The operation in the district of Akabar, a remote part of a game reserve near the border with Niger and not far from the Malian city of Menaka, was continuing, army spokesman Colonel Diarran Kone said by telephone.

“But I can tell you that 20 terrorists have been neutralized,” he said.

Mali has become increasingly engulfed in violence since a Tuareg uprising in 2012 was hijacked by Islamist militants, prompting France to intervene to push them back the following year.

Several jihadist factions and allied criminal gangs have regrouped and set up operations in parts of Mali, from where they have launched attacks across the Sahel.

They also now have a significant presence in swathes of neighbor Burkina Faso, and in some remote parts of Niger.

Despite the deployment of 4,500 French troops meant to contain the violence in the Sahel, it has steadily worsened, and the Islamists have succeeded in triggering an ethnic conflict.

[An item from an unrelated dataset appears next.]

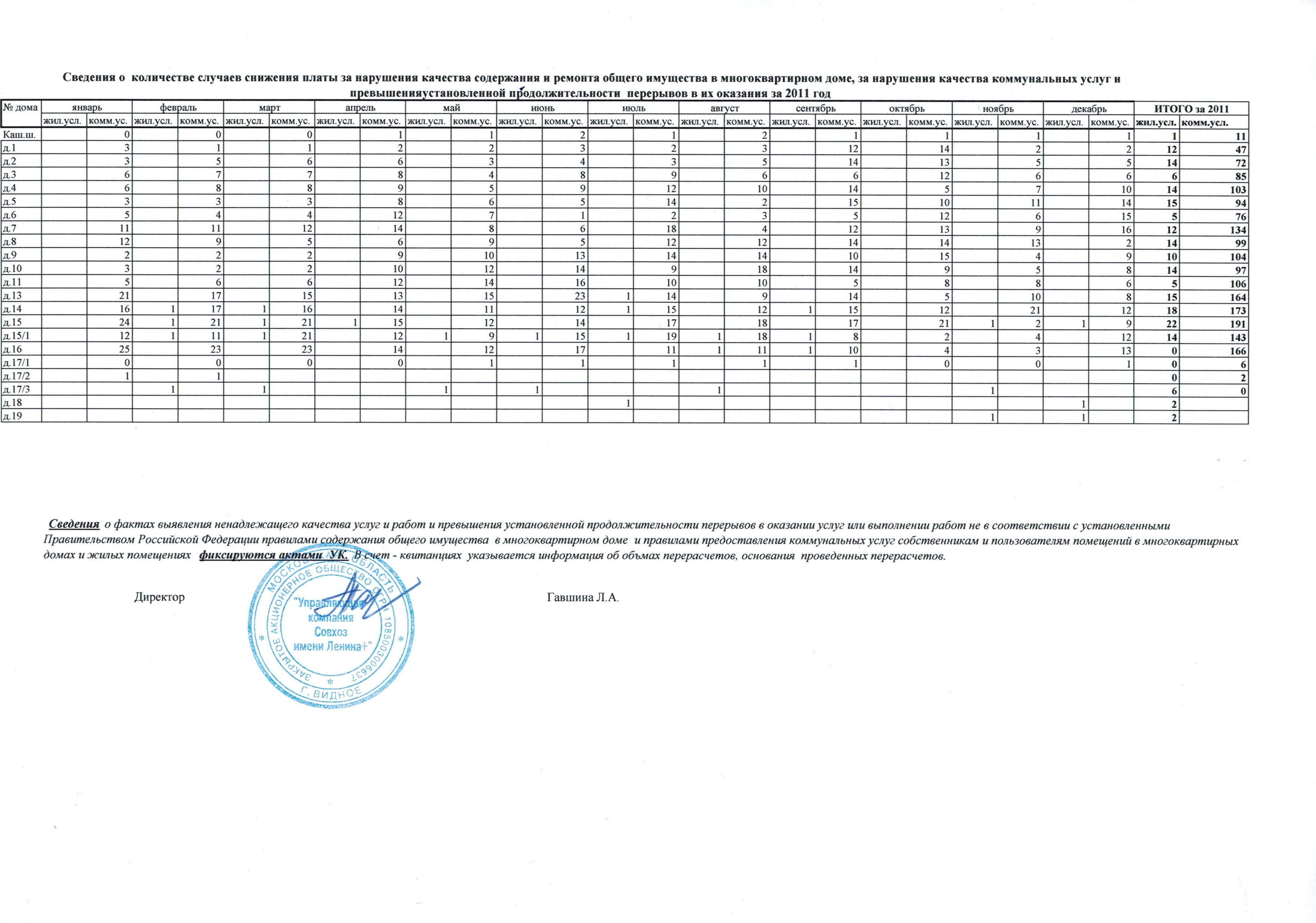 Сведения о случаях снижения платы за услуги за 2011 год
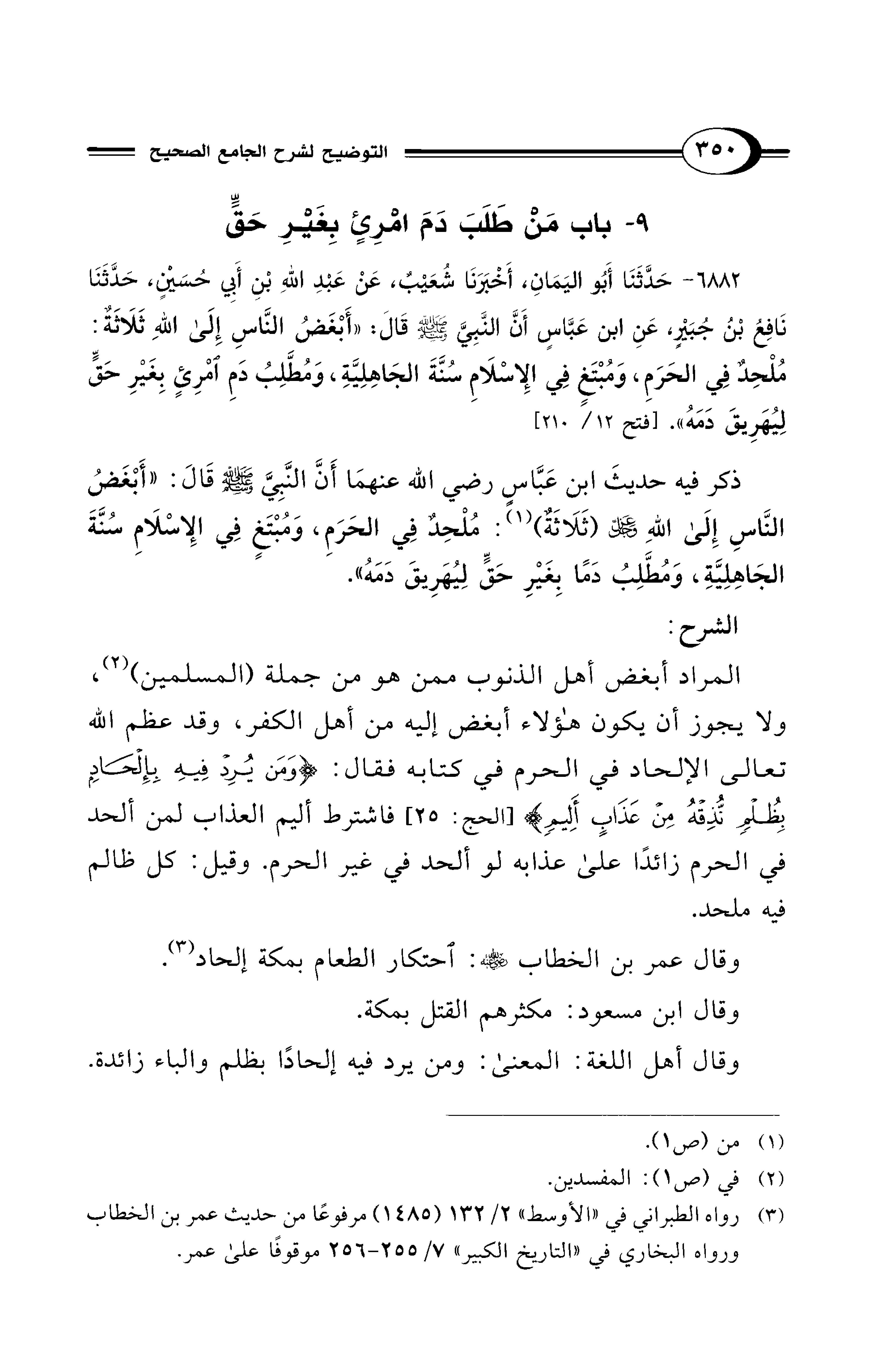 ذكر فيه حديثَ ابن عَبَّاسٍ - رضي الله عنهمَا - أَنَّ النَّبِي - صلى الله عليه وسلم - قَالَ: "أَبْغَضُ النَّاسِ إِلَى اللهِ -عَزَّ وَجَلَّ- (ثَلَاثَةٌ) (¬1): مُلْحِدٌ فِي الحَرَمِ، وَمُبْتَغٍ فِي الاسْلَامِ سُنَّةَ الجَاهِلِيَّةِ، وَمُطَّلِبُ دَمًا بِغَيْرِ حَقٍّ لِيُهَرِيقَ دَمَهُ".

Attackers believed to belong to the Fulani ethnic group raided the ethnic Dogon village of Sobane Da last Sunday and Monday, killing 35 people, according to the government, although a local authority maintains the real figure is 95 deaths. A bigger massacre by Dogon hunters in March left 150 dead.

Malians have become increasingly frustrated by the failure of the authorities to end regular attacks by jihadist groups with links to al Qaeda and Islamic State, as well as increasing tit-for-tat ethnic killing between Fulani and Dogon villagers.